[Start of Attachment]

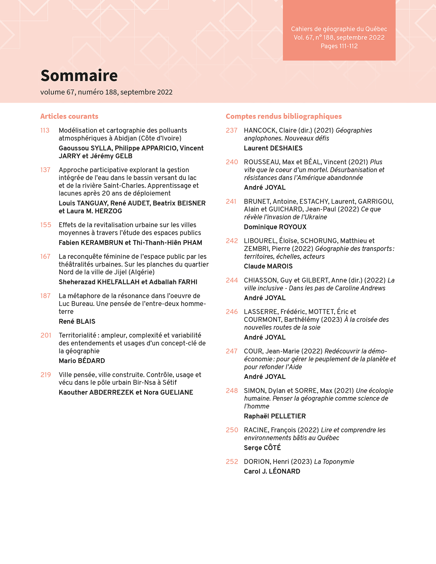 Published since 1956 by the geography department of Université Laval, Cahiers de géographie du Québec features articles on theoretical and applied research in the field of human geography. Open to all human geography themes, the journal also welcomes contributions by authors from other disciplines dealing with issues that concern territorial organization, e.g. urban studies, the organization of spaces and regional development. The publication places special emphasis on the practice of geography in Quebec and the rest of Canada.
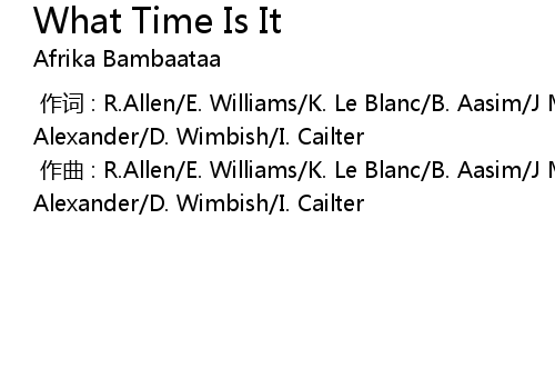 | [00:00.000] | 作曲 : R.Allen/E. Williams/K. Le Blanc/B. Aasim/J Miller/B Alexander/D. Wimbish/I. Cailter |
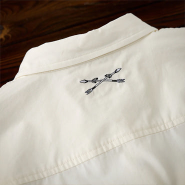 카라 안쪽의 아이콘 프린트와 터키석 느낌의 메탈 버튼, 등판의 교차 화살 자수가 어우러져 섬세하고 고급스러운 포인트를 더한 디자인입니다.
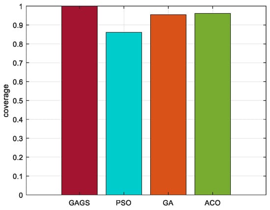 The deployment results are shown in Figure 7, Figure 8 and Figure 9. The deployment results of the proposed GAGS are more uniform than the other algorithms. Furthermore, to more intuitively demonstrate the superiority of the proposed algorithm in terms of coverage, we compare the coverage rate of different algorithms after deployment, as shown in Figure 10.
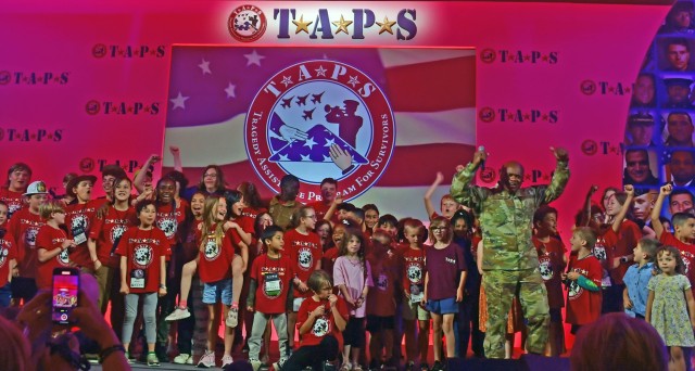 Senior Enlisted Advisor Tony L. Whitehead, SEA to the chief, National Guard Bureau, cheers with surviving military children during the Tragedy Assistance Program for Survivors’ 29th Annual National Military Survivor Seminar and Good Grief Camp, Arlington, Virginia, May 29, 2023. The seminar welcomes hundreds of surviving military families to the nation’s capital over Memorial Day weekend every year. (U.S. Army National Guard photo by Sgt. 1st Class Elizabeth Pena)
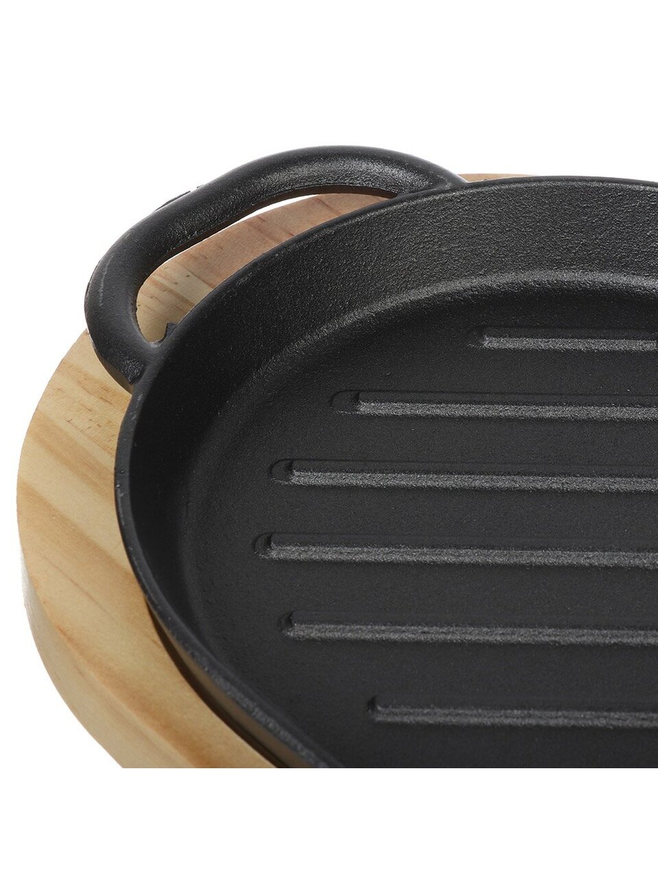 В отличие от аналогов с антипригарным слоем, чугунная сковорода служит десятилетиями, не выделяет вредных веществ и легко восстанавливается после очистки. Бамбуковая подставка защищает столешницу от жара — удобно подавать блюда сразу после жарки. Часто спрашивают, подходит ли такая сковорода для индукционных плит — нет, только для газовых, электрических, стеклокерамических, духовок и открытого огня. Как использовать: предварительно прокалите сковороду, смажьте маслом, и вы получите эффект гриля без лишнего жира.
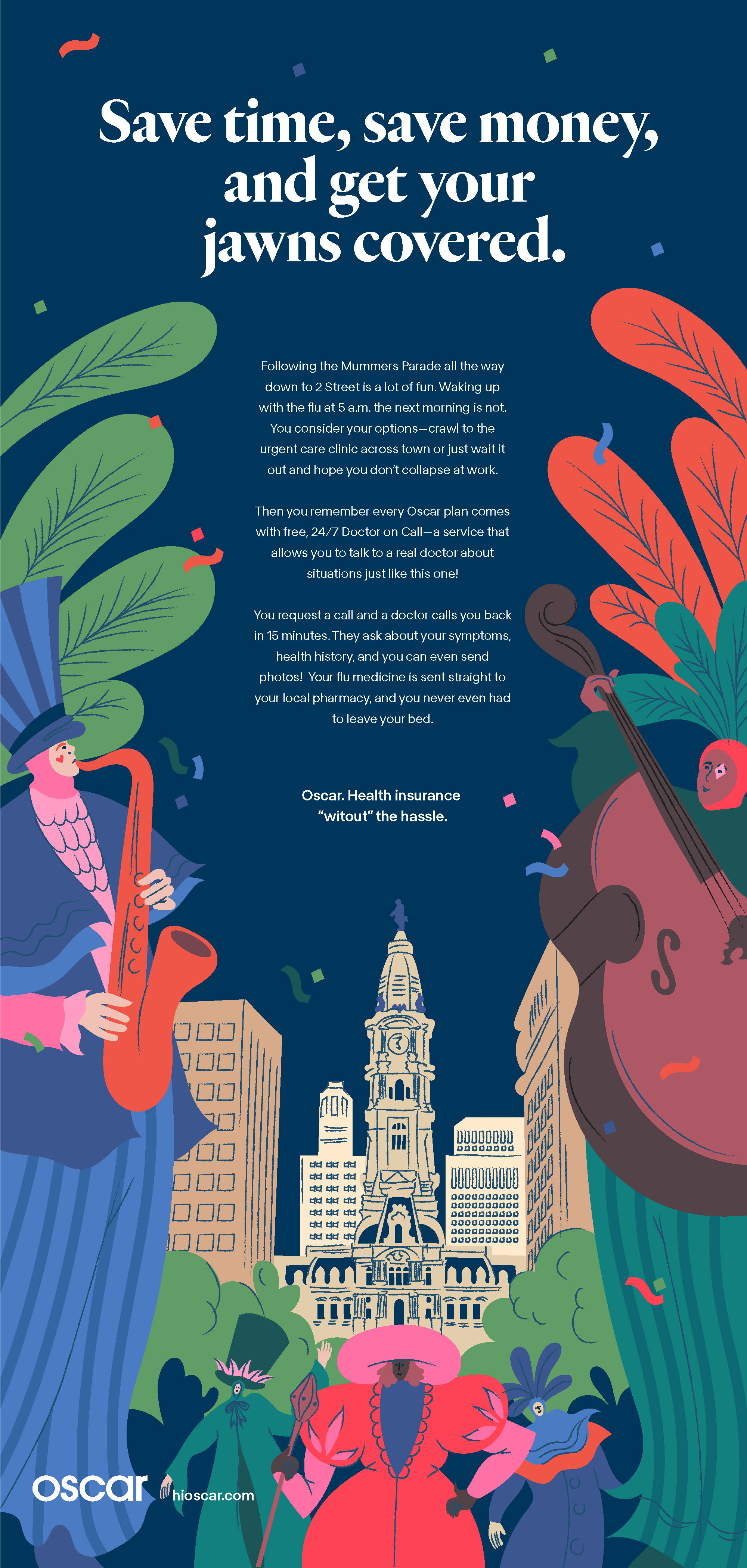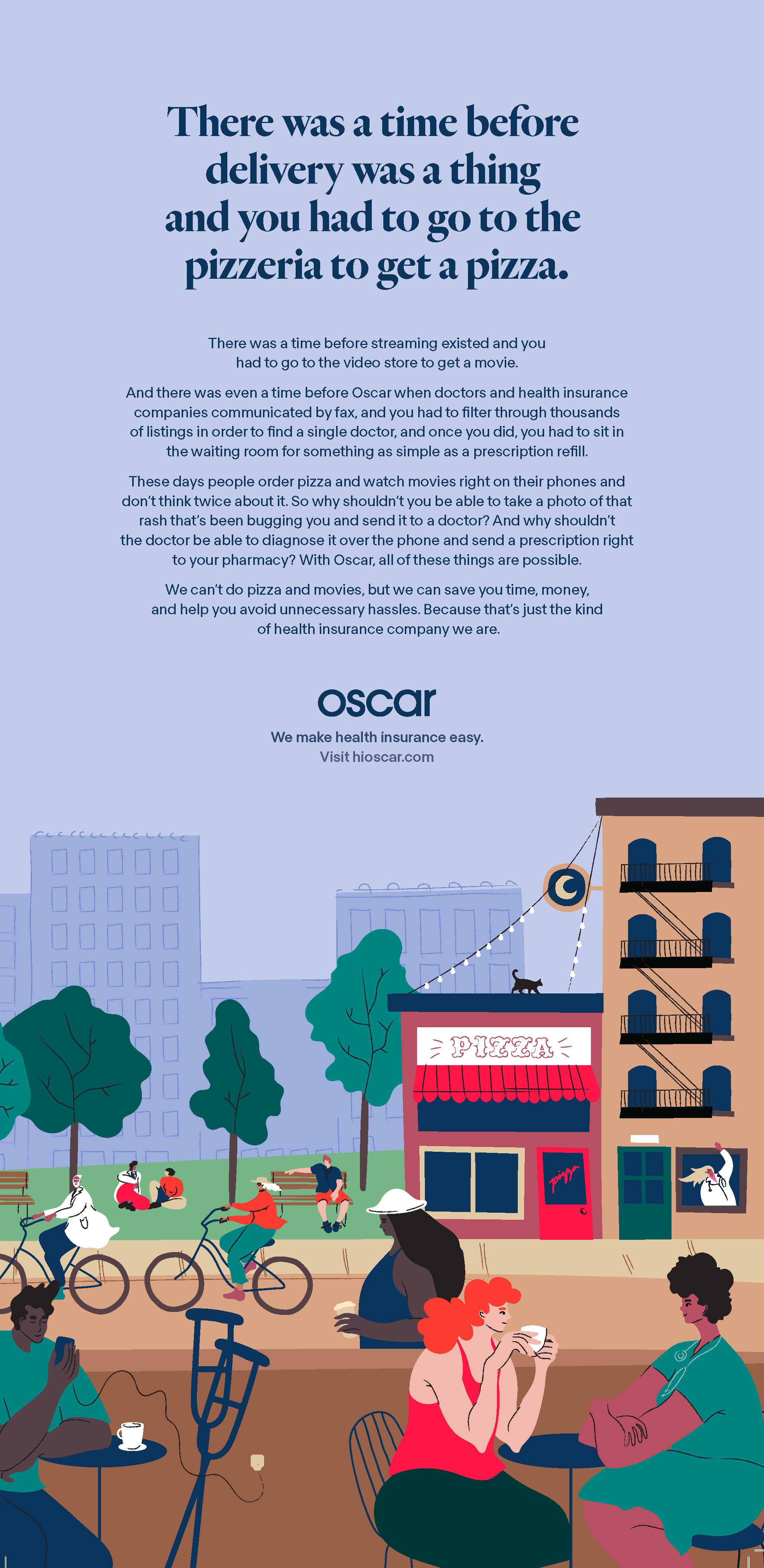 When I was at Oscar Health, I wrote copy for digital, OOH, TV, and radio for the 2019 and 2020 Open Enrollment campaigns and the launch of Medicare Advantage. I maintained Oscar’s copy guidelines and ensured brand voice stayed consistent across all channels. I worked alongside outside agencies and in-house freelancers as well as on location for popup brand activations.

[End of Attachment]

» **Try it**
Keep to the stretch from the line containing "Wimbish/I. Cailter |" through the line containing "The deployment results are", both ends included, and copy it exactly from the listing above, minus the pictures.

» **Answer to the problem**
 | [00:00.000] | 作曲 : R.Allen/E. Williams/K. Le Blanc/B. Aasim/J Miller/B Alexander/D. Wimbish/I. Cailter |
 카라 안쪽의 아이콘 프린트와 터키석 느낌의 메탈 버튼, 등판의 교차 화살 자수가 어우러져 섬세하고 고급스러운 포인트를 더한 디자인입니다.
 The deployment results are shown in Figure 7, Figure 8 and Figure 9. The deployment results of the proposed GAGS are more uniform than the other algorithms. Furthermore, to more intuitively demonstrate the superiority of the proposed algorithm in terms of coverage, we compare the coverage rate of different algorithms after deployment, as shown in Figure 10.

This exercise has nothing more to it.